Actually the diagnosis of TTP is based upon the following clinical symptoms:

Bleeding manifestations (petechiae, ecchymosis, purpura, epistaxis)
Thrombotic manifestations
  Neurological symptoms (coma, convulsions, motor deficits, headache, visual disorders, altered mental states)
  Renal symptoms (oliguria, anuria, acute renal insufficiency)
Other symptoms (fever, diarrhoea, vomiting, abdominal pain)
   
The clinical diagnosis has to be confirmed by the following laboratory data:
Thrombocytopenia:
  platelet count <50X109/L
Hemolytic anemia:
  hematocrit usually <20%
  Hb <10g/dl
  increased unconjugated bilirubin
  presence of schistocytes on peripheral blood smear
  reticulocytosis
  low or unmeasurable haptoglobin level
  high serum lactate dehydrogenase
  negative Coombs tests

The value of ADAMTS13 measurements to establish the diagnosis of TTP is limited. Although a severe deficiency of ADAMTS13 activity (< 5%) may be a frequent abnormality in TTP, patients can present the characteristic features and clinical course of TTP without severe ADAMTS13 deficiency or even with normal ADAMTS13 activity (>50%) (31-35). On the other hand patients can also have severe ADAMTS13 deficiency for many years and yet remain without symptoms (36,37).
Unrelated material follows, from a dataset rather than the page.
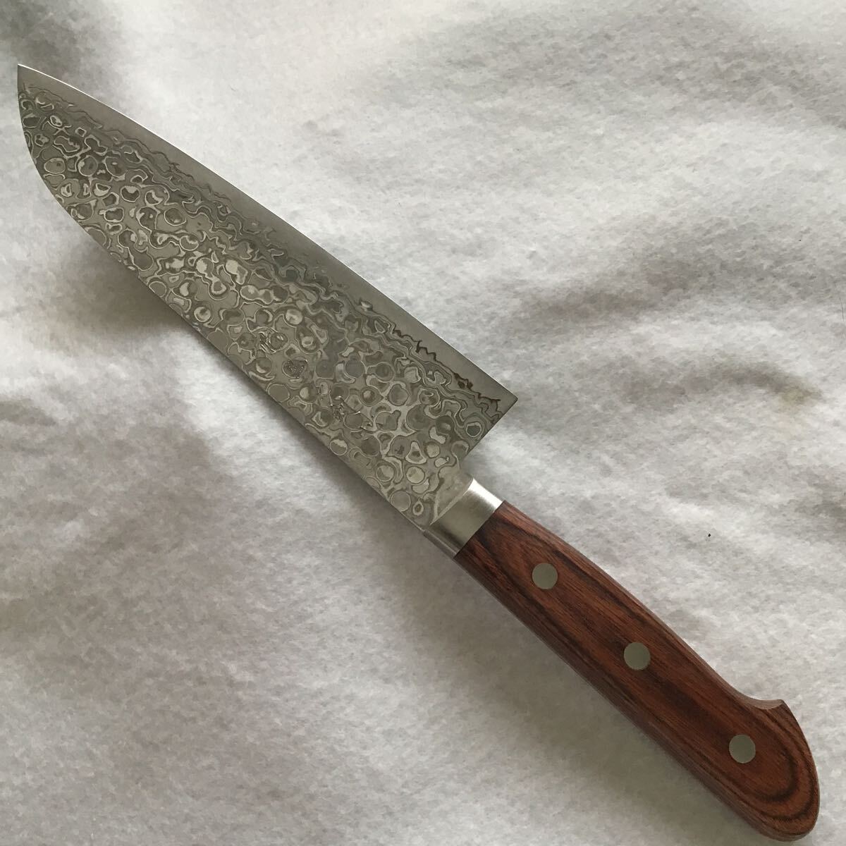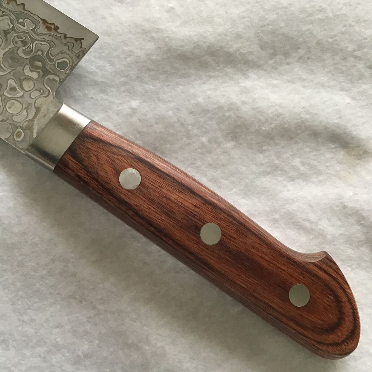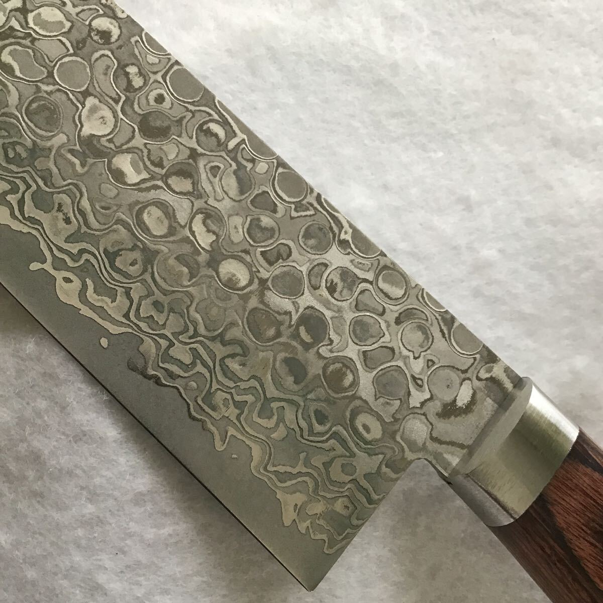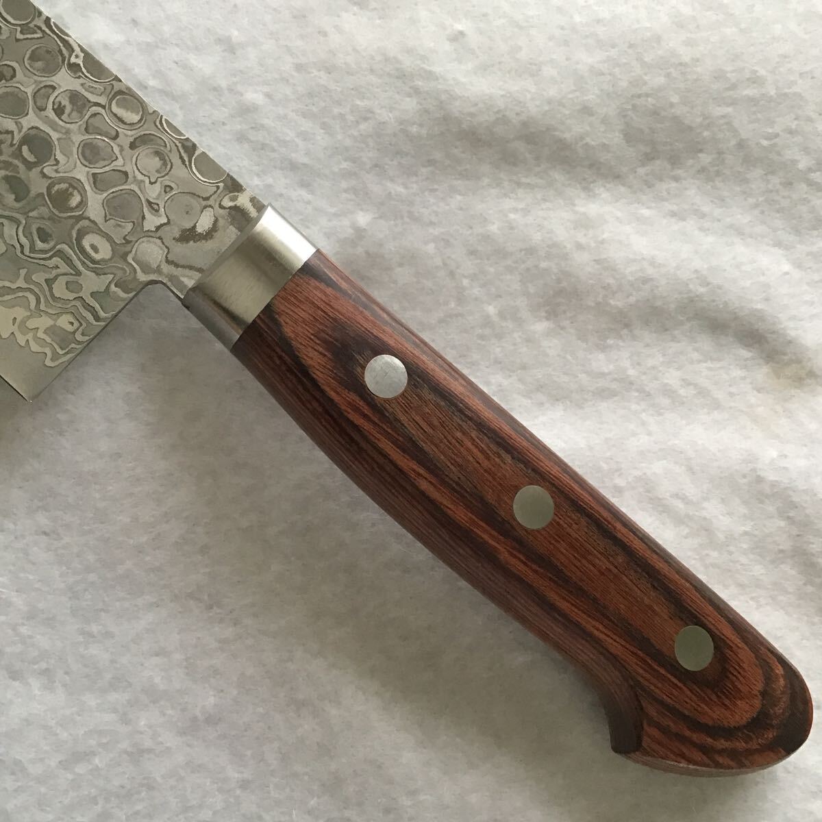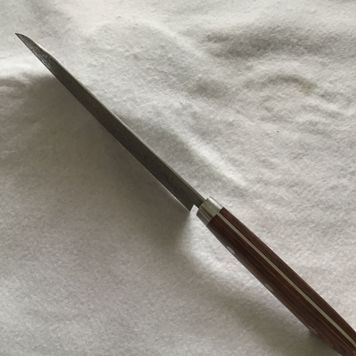 ニッケル銀三鋼を本鍛造銀染した一品です。業務用に軽量仕上げしていますので刺身の薄造りも可能です。もちろん肉も野菜もスパッと!

TTP is a differential diagnosis of other syndromes characterized by the presence of thrombocytopenia and microangiopathic hemolytic anemia such as HUS, disseminated intravascular coagulation (DIC), the "catastrophic" anti-phospholypid syndrome (APS), eclampsia, pre-eclampsia, HELLP syndrome and heparin induced thrombocytopenia (HIT) (38,39).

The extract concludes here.